1. Christ, who dwells in our spirit to be our life and person, is our hope of glory.

2. When He comes, we will be glorified in Him.

3. This indicates that the indwelling Christ will saturate our entire being so that our physical body may be transfigured and conformed to the body of His glory.

C. In Colossians a number of important phrases point to our experience of Christ:

1. "Christ in you"—v. 27.

2. "Full-grown in Christ"—v. 28.

3. "Walk in Him"—2:6.

4. "According to Christ"—v. 8.

5. "Made alive together with Him"—v. 13.

6. "Died with Christ"—v. 20.

7. "Holding the Head"—v. 19.

8. "Out from whom"—v. 19.

9. "Grows with the growth of God"—v. 19.

10. These expressions give us a complete picture of the proper experience of Christ.

11. "The mystery of God, Christ, in whom all the treasures of wisdom and knowledge are hidden"—vv. 2-3:

a. Colossians concerns the mystery of God, which is Christ the Head.

b. All the treasures of genuine wisdom and knowledge are hidden in Christ—v. 3.

c. This is the spiritual wisdom and knowledge of the divine economy concerning Christ and the church.

d. Wisdom is related to our spirit, and knowledge is related to our mind— Eph. 1:8, 17.

12. "In Him dwells all the fullness of the Godhead bodily, and you have been made full in Him"—Col. 2:9-10:

a. What dwells in Christ is not only the riches of the Godhead but the expression of the riches of what God is.

b. All the fullness of the Godhead dwells in Christ as One who has a human body.

D. "If therefore you were raised together with Christ, seek the things which are above, where Christ is, sitting at the right hand of God"—3:1:

1. Verses 1 through 4 imply that with Christ we have one position, one life, one living, one destiny, and one glory.

2. God in the heavens should be the sphere of our living; with Christ we should live in God.

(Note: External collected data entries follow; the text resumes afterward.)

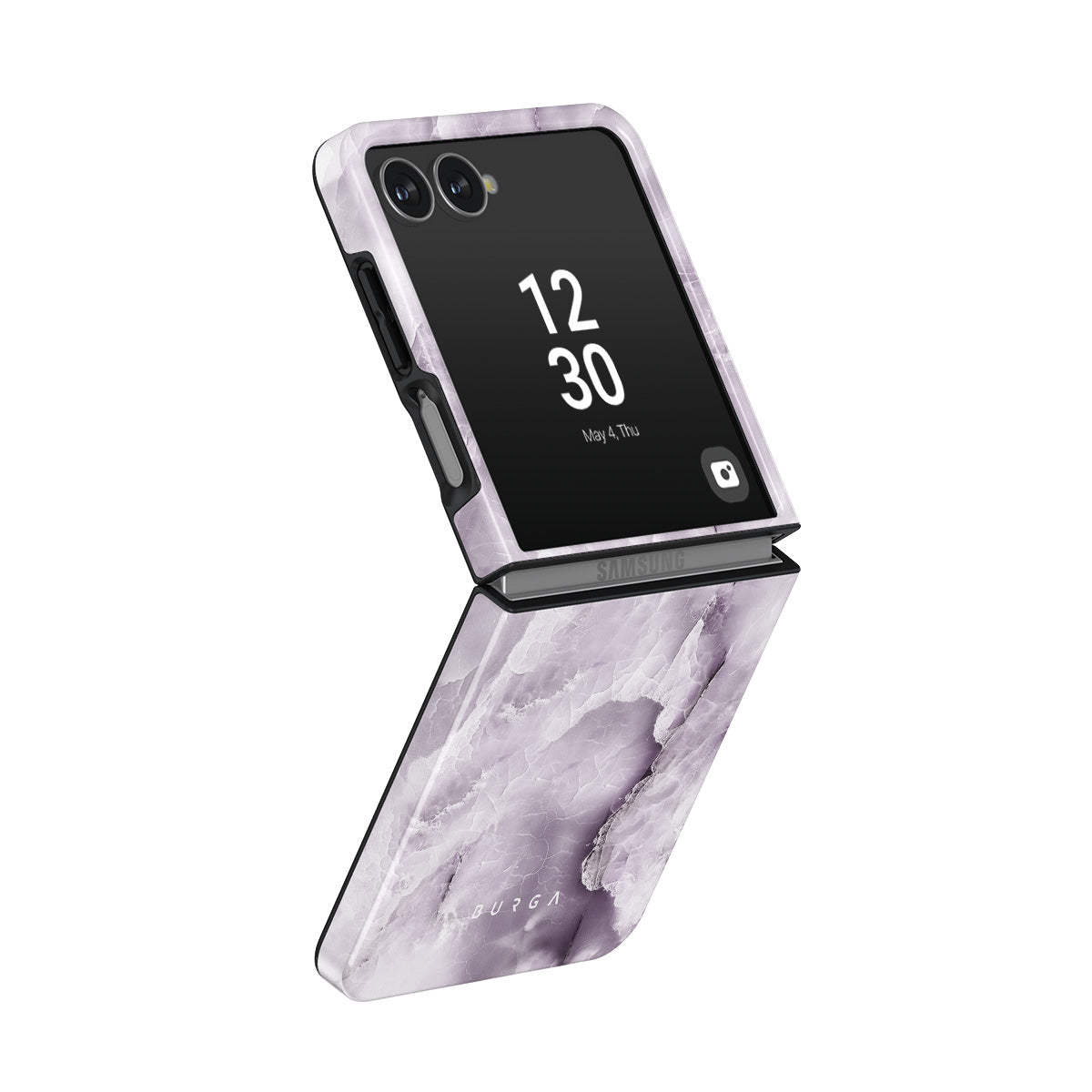 The gray violet-colored Black Currant Samsung Galaxy Z Flip 7 phone case showcases a soft marble design that will add a touch of luxury to your style. The color itself represents the future and dreams, yet the nature of it offers a calming effect. Keep a piece of serenity in your hands.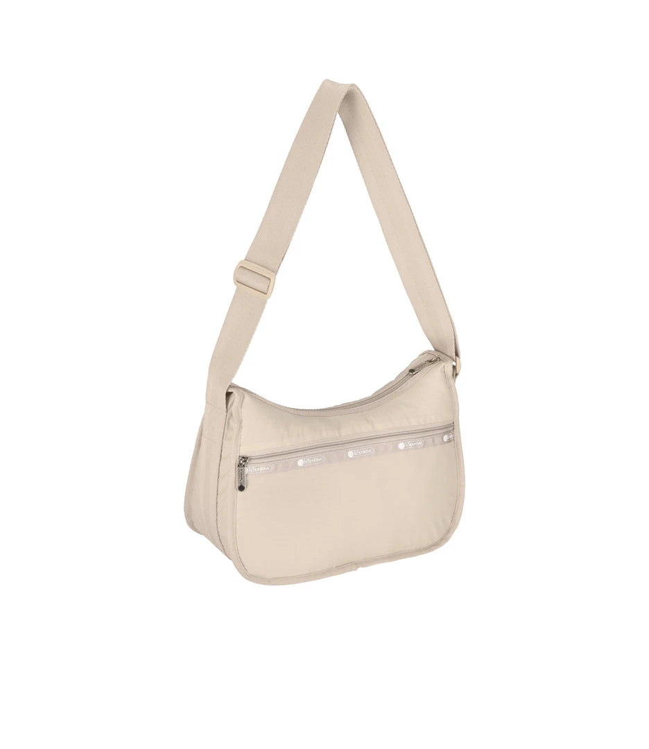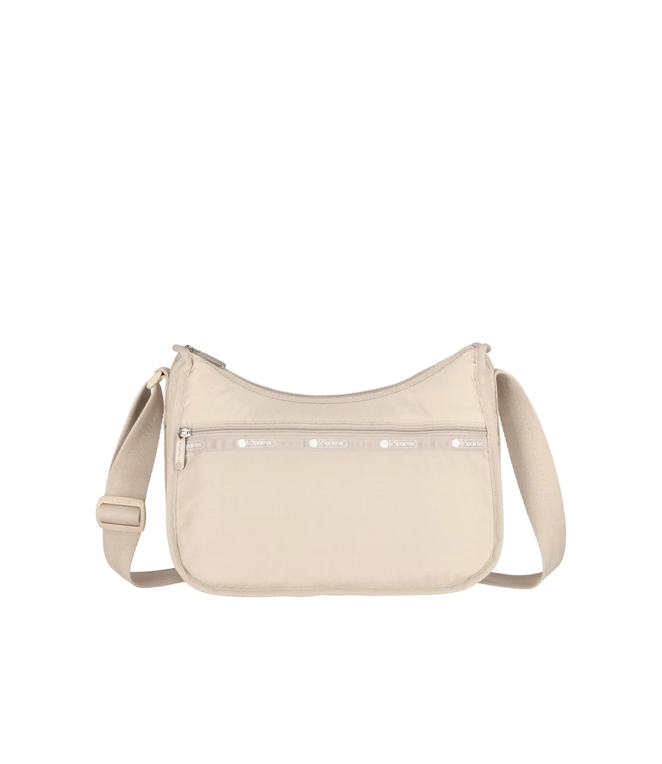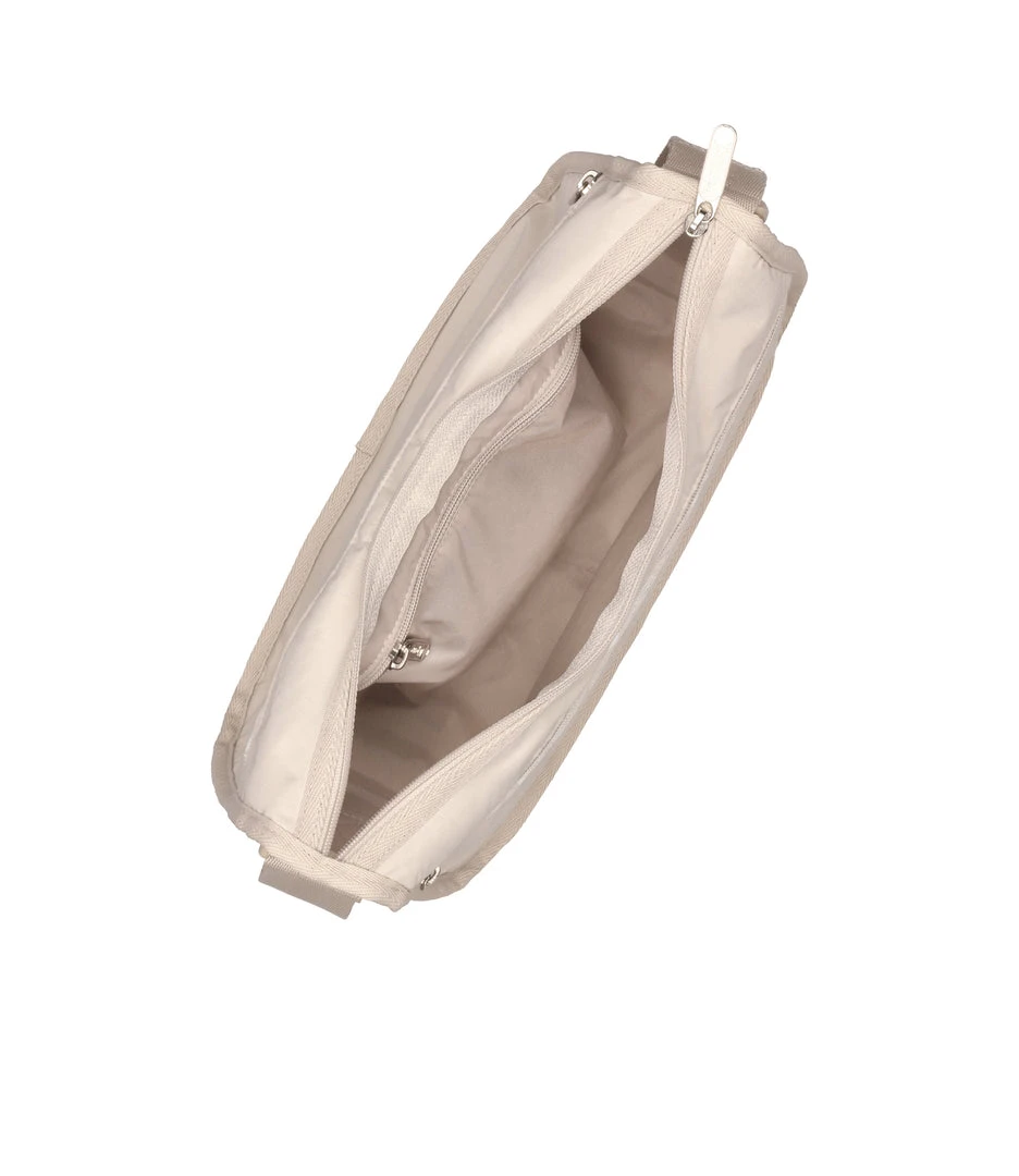 Zipped main closure, Exterior front pocket with zipped closure, Exterior back pocket with zipped closure, Interior back wall hanging zipper pocket, Adjustable shoulder strap (Max. 50in / 127cm), Includes matching pouch with zipped closure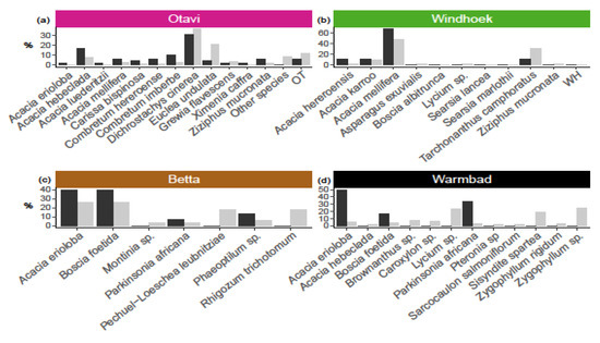 We are greatly indebted to Coleen Mannheimer for numerous plant identifications. We thank Christopher Bird for logistical assistance during the fieldtrips, and Benson Muramba, Nanguei Karuaera and the National Museum of Namibia for general assistance. The Finkenstein Homeowners Association (Windhoek study site), W. & G. von Maltzahn (Farm Hüttenhof; Otavi study site), G. Goosen (Manager Haloli Piggery, Farm Haloli 860; Otavi site for survival study) and T.N. Esterhuizen (Farm Eckberg 80; part of Betta study site) kindly allowed us to gather data on their properties. This research was conducted under permit no 1362/2017 granted by the Ministry of Environment and Tourism in Windhoek, Namibia.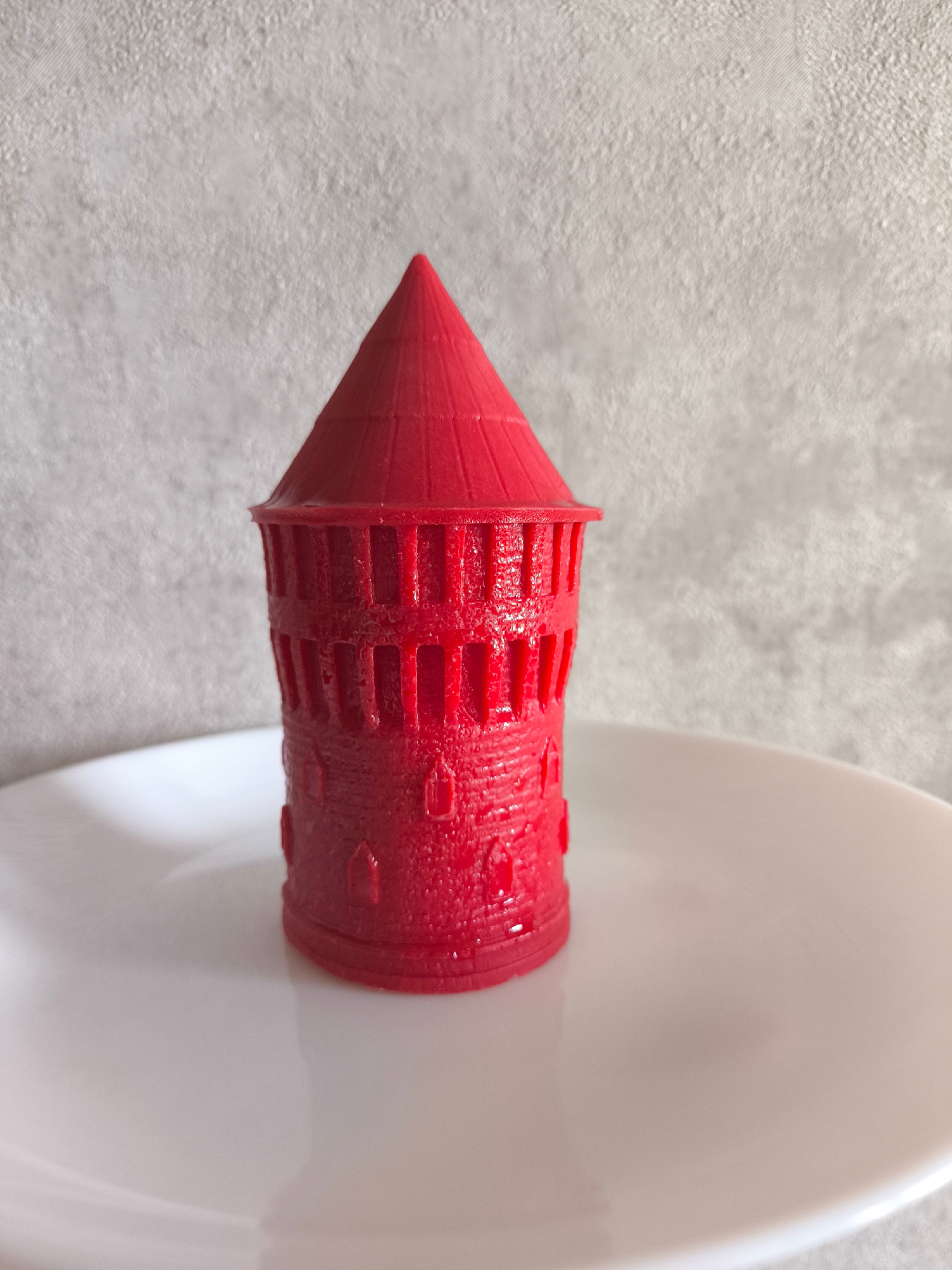 The image displays a vibrant red, miniature tower-shaped object standing centrally on a white, round plate. The tower features a conical roof with subtle horizontal ridges and a cylindrical body textuβ¦read more

II. "Holding the Head, out from whom all the Body, being richly supplied…, grows with the growth of God"—2:19:

A. To grow is to have Christ added into us—1 Cor. 3:6-7; Gal. 4:19.

B. The growth of the Body depends on what comes out of Christ as the Head—Eph. 4:15-16:

1. When the Body is supplied by holding the Head, the Body grows with the growth of God—Col. 2:19.

2. The Body grows out from the Head, for all the supply comes from the Head— Eph. 4:15.

C. The growth of the Body depends on the growth of God, the addition of God, the increase of God, within us—Col. 2:19:

1. God gives the growth by giving Himself to us in a subjective way.

2. The more God is added into us, the more growth He gives to us; this is the way God gives the growth—1 Cor. 3:6-7.

3. Only God can give growth; only God can give us Himself, and without Him, we cannot have growth—vv. 6-7:

a. The addition of God into us is the growth He gives.

b. For God to give us growth actually means that He gives us Himself— Rom. 8:11.

D. The growth of the Body is the building up of the Body—Eph. 4:16; Col. 2:19:

1. Ephesians 4:12-16 occupies a special place in the New Testament because it shows the mystery concerning the building up of the Body of Christ.

2. The growth of the Body of Christ is the increase of Christ in the church, which results in the building up of the Body by the Body itself—3:17a:

a. When Christ enters into the saints and lives within them, the Christ within the saints becomes the church—Col. 3:10-11.

b. The Body of Christ grows by the growth of Christ within us and is built up this way—1:18; 2:19.

3. The love in which the Body builds itself up is not our own love but the love of God in Christ, which becomes the love of Christ in us, by which we love Christ and the fellow members of His Body—1 John 4:7-8, 11, 16, 19; Rom. 5:5; 8:39:

a. Love is the inner substance of God; when we enter into God's inner substance, we enjoy God as love and enjoy His presence in the sweetness of the divine love, and thereby love others as Christ did—Eph. 5:25.

b. It is in such a love that we hold to truth, that is, to Christ with His Body, and are kept from being influenced by the winds of teaching and from bringing in elements that are foreign to the Body—4:14-15.